ON-LINE AND ULTRASOUND EXCITED THERMOGRAPHY

Djordje POPOVIC

Jönköping University, School of Engineering Gjuterigatan 5, SE-551 11 Jönköping, Sweden Tel: +46 767 634617, E-mail: djordje.popovic@jth.hj.se

Peter MEINLSCHMIDT

Fraunhofer Institute for Wood Research, Wilhelm-Klauditz-Institut WKI Bienroder Weg 54E, 38108 Braunschweig, Germany

Tel: +49 531 2155 449, E-mail: peter.meinlschmidt@wki.fraunhofer.de

Burkhard PLINKE

Fraunhofer Institute for Wood Research, Wilhelm-Klauditz-Institut WKI Bienroder Weg 54E, 38108 Braunschweig, Germany

Tel: +49 531 2155 449, E-mail: burkhard.plinke@wki.fraunhofer.de

Jovan DOBIC

Tarkett Eastern Europe, BU WOOD

Industrijska zona 14, 21400 Bačka Palanka, Serbia Tel: +49 531 3515 87, E-mail: jovan.dobic@tarkett.com

Olle HAGMAN

Luleå University of Technology, Wood Science and Engineering SE-931 87 SKELLEFTEÅ, Sweden

Tel: +46 910 585310, E-mail: olle.hagman@ltu.se

Abstract

On-line thermography and ultrasound-excited thermography have been evaluated for the detection of cracks in oak lamellae of flooring top layers.Image acquisition accompanied the tests and the objects were identified by post-processing and the evaluation of lamella images. The results were validated by comparing these findings with the actual state of the lamellae in terms of cracks and the classification accuracy of the method was calculated. The classification accuracy of the ultrasound-excited thermography method was three times greater than that of on-line thermography. The main conclusion is that the ultrasound-excited thermography method is the more suitable for the detection of cracks and the classification of lamellae.
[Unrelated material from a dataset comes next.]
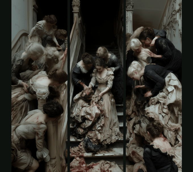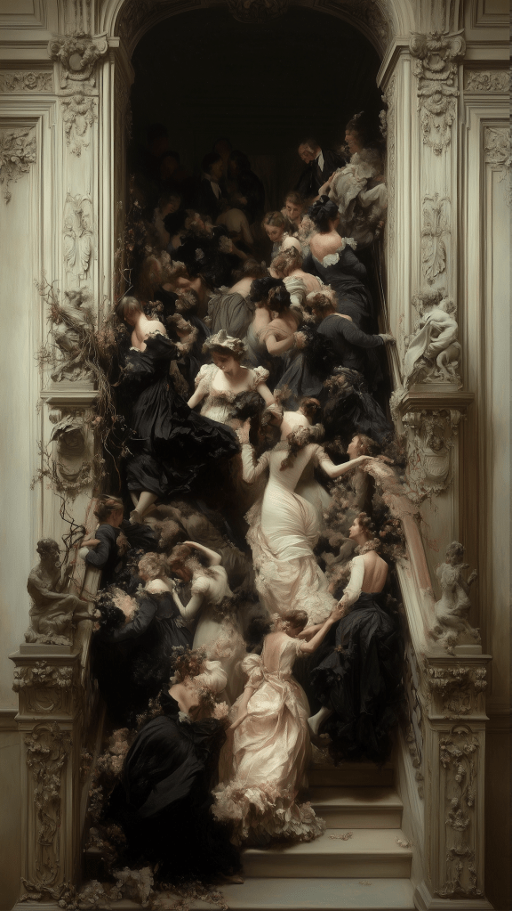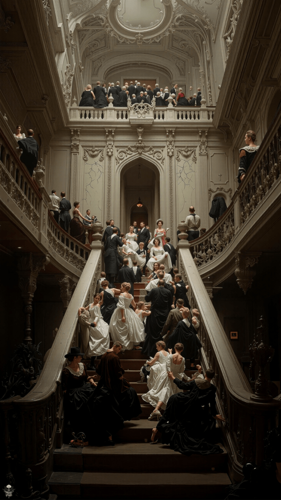 Con mi particular obsesión con el Barroco y sus desbordes, a los que considero su destino como estilo (el colapso de una explosión), vuelvo al tema de las escaleras concurridas. Allí, por la ropa, parecería que los convoca la fiesta, sin embargo, hay en sus gestos y desplazamiento una inquietud, un «algo más» que cada uno podrá imaginar.

Key words: classification; cracks; image; lamella; thermography.

INTRODUCTION

Tarkett is a worldwide leader of innovative and sustainable flooring and sports surfaces (Tarkett 2015), and one of the product types which the company offers is an engineered wood floor board. The flooring is a three layer cross-laminated construction, with a surface coating on the top layer, which consists of 3-4mm thick hardwood lamellae. The company strives to deliver flooring with a flawless surface, i.e., no tangible cracks in the top layer. There are four steps along the production line where the presence of cracks is inspected and patched, and the company manages to attain the required surface quality. The future goal of the company is, however, to improve the detection of cracks at the first inspection station, which would result in less patching and cut the costs of quality inspection. Tarkett has estimated possible savings of EUR 100 000 per year for the production of two million square meters of flooring, if there were no need to rework the surface.
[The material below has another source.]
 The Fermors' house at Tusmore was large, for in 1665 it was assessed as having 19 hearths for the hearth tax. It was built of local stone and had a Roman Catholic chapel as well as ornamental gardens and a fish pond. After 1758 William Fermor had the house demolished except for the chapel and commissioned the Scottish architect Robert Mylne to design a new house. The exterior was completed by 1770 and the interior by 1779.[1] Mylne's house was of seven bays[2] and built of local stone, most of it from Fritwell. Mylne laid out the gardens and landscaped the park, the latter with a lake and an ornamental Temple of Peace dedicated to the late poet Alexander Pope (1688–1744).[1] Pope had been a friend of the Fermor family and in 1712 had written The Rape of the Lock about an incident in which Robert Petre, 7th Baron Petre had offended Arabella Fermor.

The first inspection is at the lamella sorting station. The operation is semi-automated where the inspection is done by human operators while the lamellae are continuously transported on a conveyer. The operators sort the lamellae according to various features such as color, the presence of knots, cracks etc.

Cracks in lamellae are classified according to their acceptability. The rules of acceptability are established according to the result of the quality inspection after the finishing line, and they define limits for crack characteristics such as: a) width, b) angle towards the lamella face, c) length and d) position along the lamella width (Fig. 1).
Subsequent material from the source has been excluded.